Mr. Durbin said that his hope that the White House might approve a bipartisan deal to shield so-called "Dreamers" who were brought to the U.S. illegally as children "died" yesterday and that it was now up to lawmakers to act on their own.
In a series of tweets Friday morning, Mr. Trump slammed the bipartisan agreement forged by Mr. Durbin and a handful of senators from both parties. The proposed deal is a "big step backwards" and "outlandish," he wrote. Democrats are "not interested in life and safety."
The comments came just three days after Mr. Trump stated that he wanted a "bill of love" to shield Dreamers from deportation and said he would sign into law whatever bill lawmakers would support.
On Thursday, a small group of senators from both parties reached a tentative deal that would provide such immigrants with a 10-year path toward American citizenship in exchange for increased resources for border security, including funding for some kind of barrier on the frontier with Mexico.
Another part of the proposal aimed to assist people from Haiti and El Salvador who have been living in the U.S. for years under a separate temporary residence program that the Trump administration recently scrapped. It also envisioned changes to a visa lottery program that primarily benefits immigrants from Africa.
But when lawmakers arrived at the White House to seek Mr. Trump's approval for the deal, they found him flanked by Republican immigration hardliners and no longer in a compromising mood. During that discussion, he made his inflammatory comments about "shithole countries."
The remarks generated a firestorm of criticism at home and abroad. Mia Love, the first black Republican woman to be elected to the House of Representatives and the daughter of Haitian immigrants, said Mr. Trump's comments were "unkind, divisive, elitist and fly in the face of our nation's values." The President "must apologize to both the American people and the nations he so wantonly maligned."
On Friday, House Speaker Paul Ryan said Mr. Trump's vulgar slur about Africa was "very unfortunate, unhelpful."
Ryan said his ancestors were Irish and "were really looked down upon." He called immigration "a great story" and said Haitians in his hometown of Janesville, Wisc., are "incredible citizens."
A handful of other Republican members of Congress also criticized Mr. Trump's comments but many senior Republicans remained silent. On Fox News, several commentators defended Mr. Trump's remarks.
Democrats, meanwhile, were unsparing in their criticism. Cedric Richmond, a member of the House of Representatives who chairs the Congressional Black Caucus, said the remarks confirmed "the concerns that we hear every day, that the President's slogan, 'Make America Great Again,' is really code for 'Make America White Again.' "
Television journalists struggled with how to describe the President's remarks, particularly given his history of making racially inflammatory comments, whether during the election campaign or in the wake of the violence in Charlottesville, Va., last year.

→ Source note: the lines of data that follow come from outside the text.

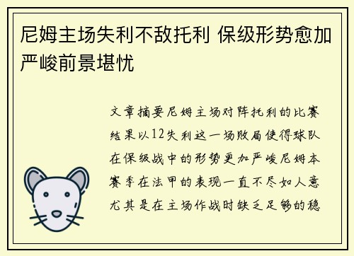 文章摘要:尼姆主场对阵托利的比赛,结果以...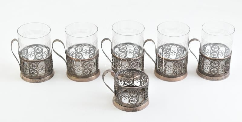 Ezüstözött filigrán pohár készlet, 6 db, egyikből az üveg hiányzik, kopott, jelzett, m: 10,5 cm
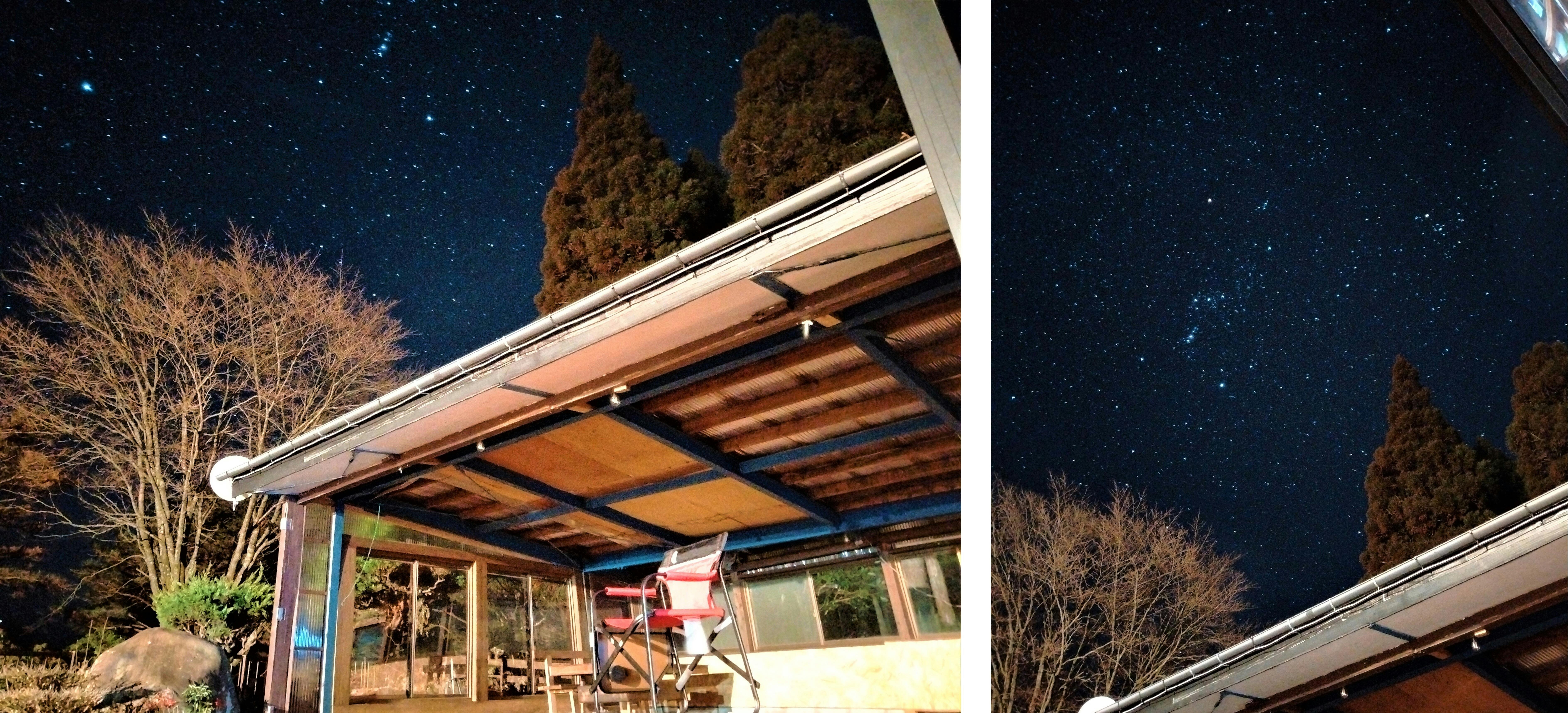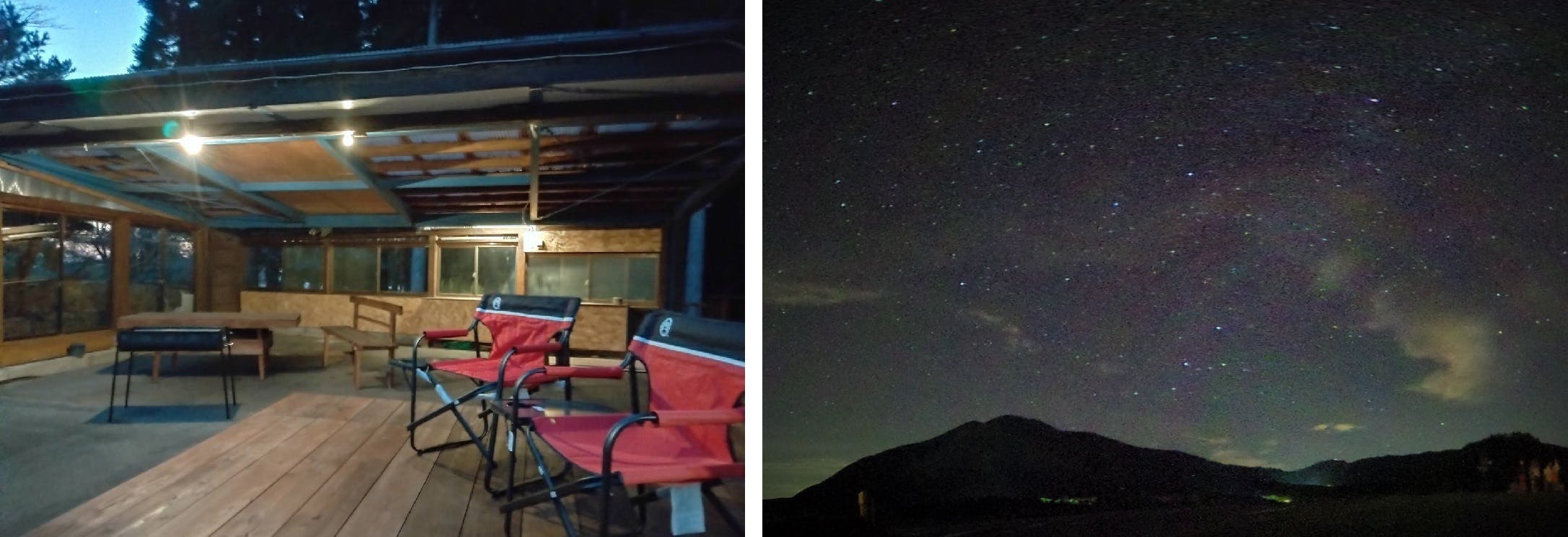 星空の下に、父がぶら下げた裸電球の明かりで焼いて食べるお肉と野菜。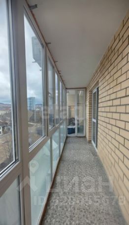 Панорамный балкон длинной 6.6 м открывает красивый вид на горы и частный сектор.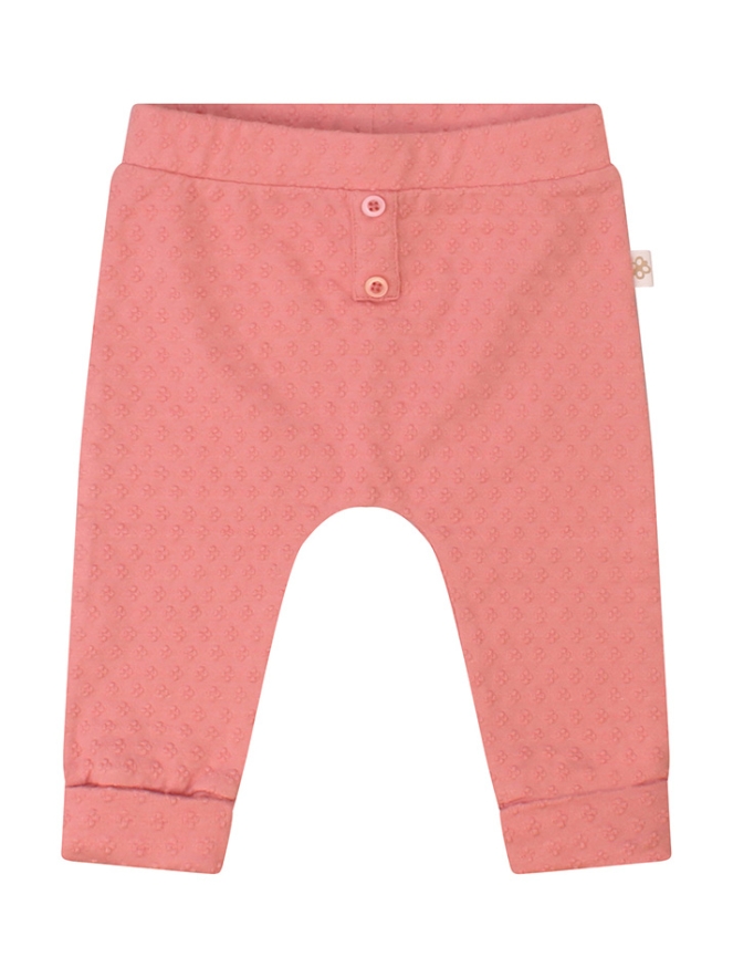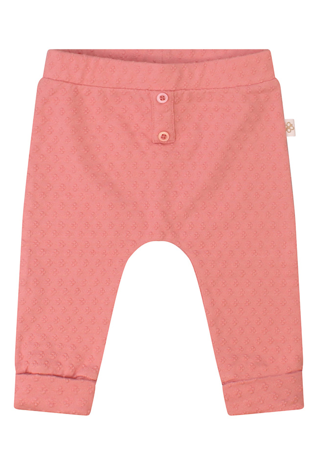 Zacht broekje van jacquard voor newborns vanaf maat 50. Dit broekje heeft een omslagje en 2 sierknoopjes voorop. Leuk te combineren met de bijpassende top met art.nr. Z10404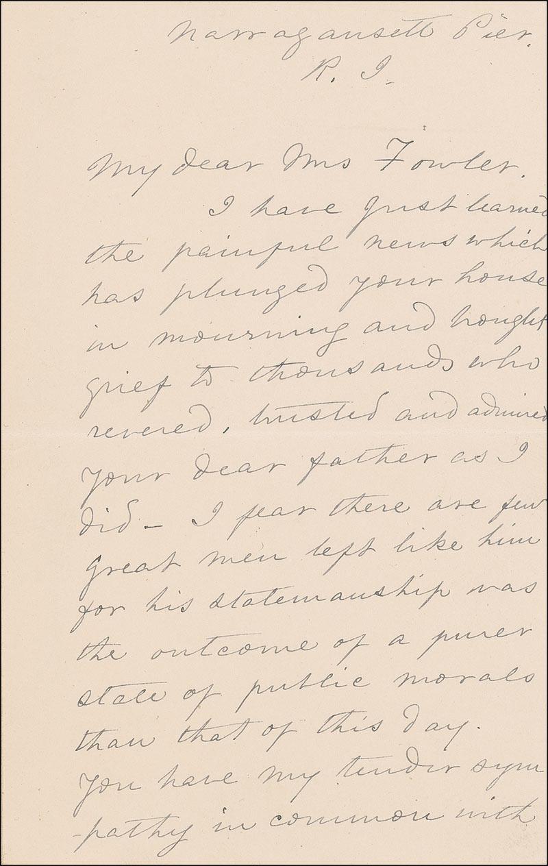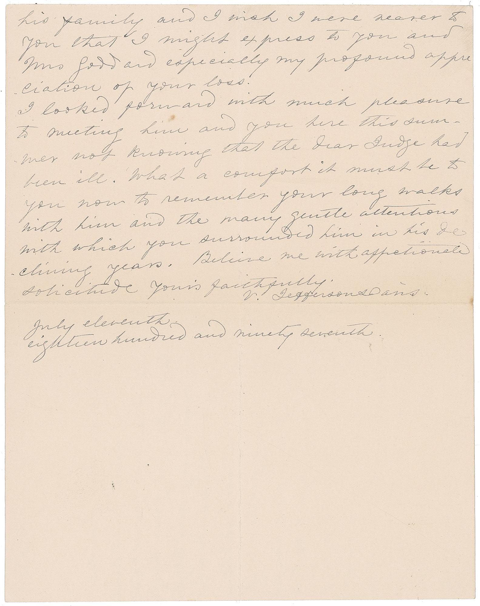 Wife of Jefferson Davis and First Lady of the Confederacy. ALS signed “V. Jefferson Davis,” two pages on two adjoining sheets, 4 x 6.25, July 11, 1897. Letter to Mrs. Fowler following the loss of her father. In part: “I have just learned the painful news which has plunged your house in mourning and brought grief to thousands who revered, trusted, and admired your dear father as I did. I fear there are few great men left like him for his statesmanship was the outcome of a purer state of public morals than that of this day…I looked forward with much pleasure to meeting him and you here this summer not knowing that the dear Judge had been ill.” In fine condition, with bisecting horizontal fold, and a mild shade of toning. Pre-certified PSA/DNA and RRAuction COA.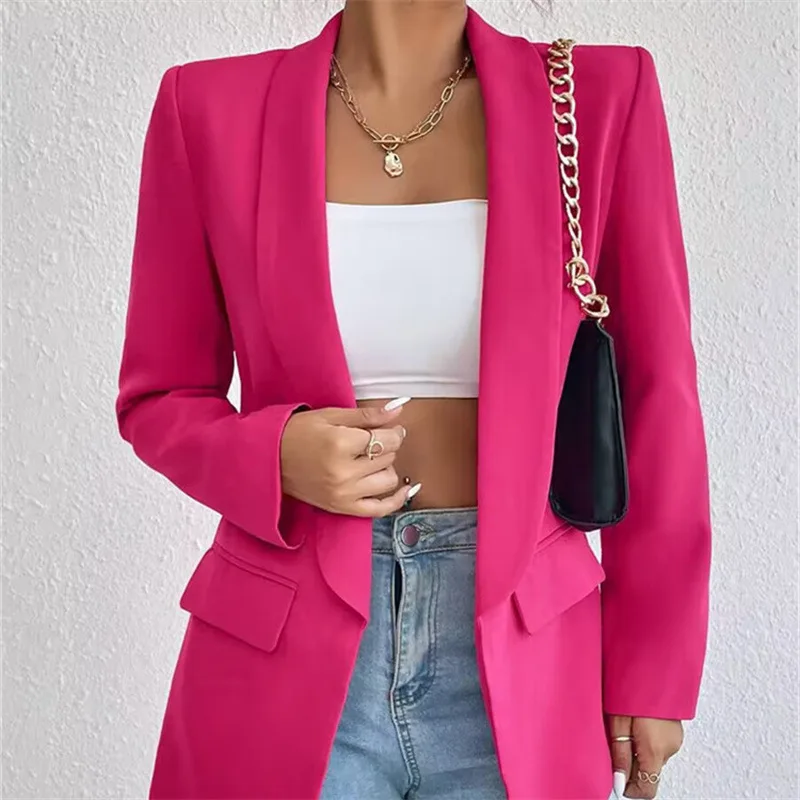 Elegant Solid Pattern Woven Women's Blazer Custom Factory-Made Pink Lady Career Suit with Multicolor Button-Decorated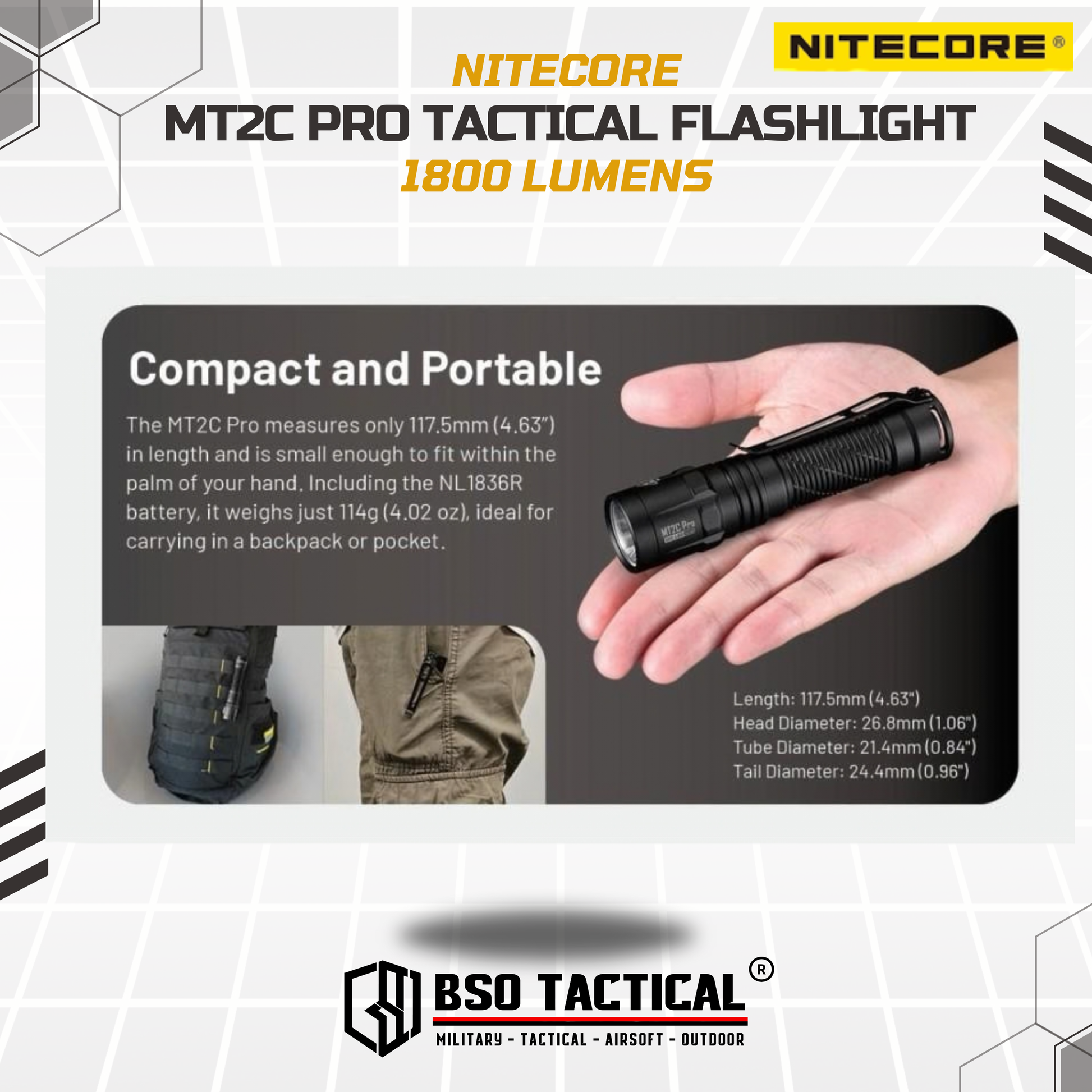 NITECORE MT2C PRO Senter LED Tactical Flashlight UHi 20 IP68 1800 Lumens Outdoor Flashlight Camping - ORIGINAL

"The President seems to harbour racist feelings about people of colour from other parts of the world," said Jim Acosta of CNN on Thursday. That's "just a terrible thing to have come out of your mouth as a White House correspondent."
In Mr. Trump's hometown, the New York Daily News, a liberal tabloid, published an illustration of Mr. Trump on its front page in the guise of a poop emoji. The accompanying headline read "S**t for brains."
Haitian-Americans expressed feelings of disgust and betrayal. Farah Larrieux, a Haitian immigrant and organizer in Miami, told CBS that she recalled a visit Mr. Trump made to the city on the campaign trail where he promised to be a champion of the Haitian American community.
"This is beyond politics. The guy has no respect for anyone. I am trying not to cry," she said. "I can't understand how someone goes from making a statement in Little Haiti saying 'I want to be the biggest champion of Haiti' to calling Haiti a 'shithole.' It makes me sick."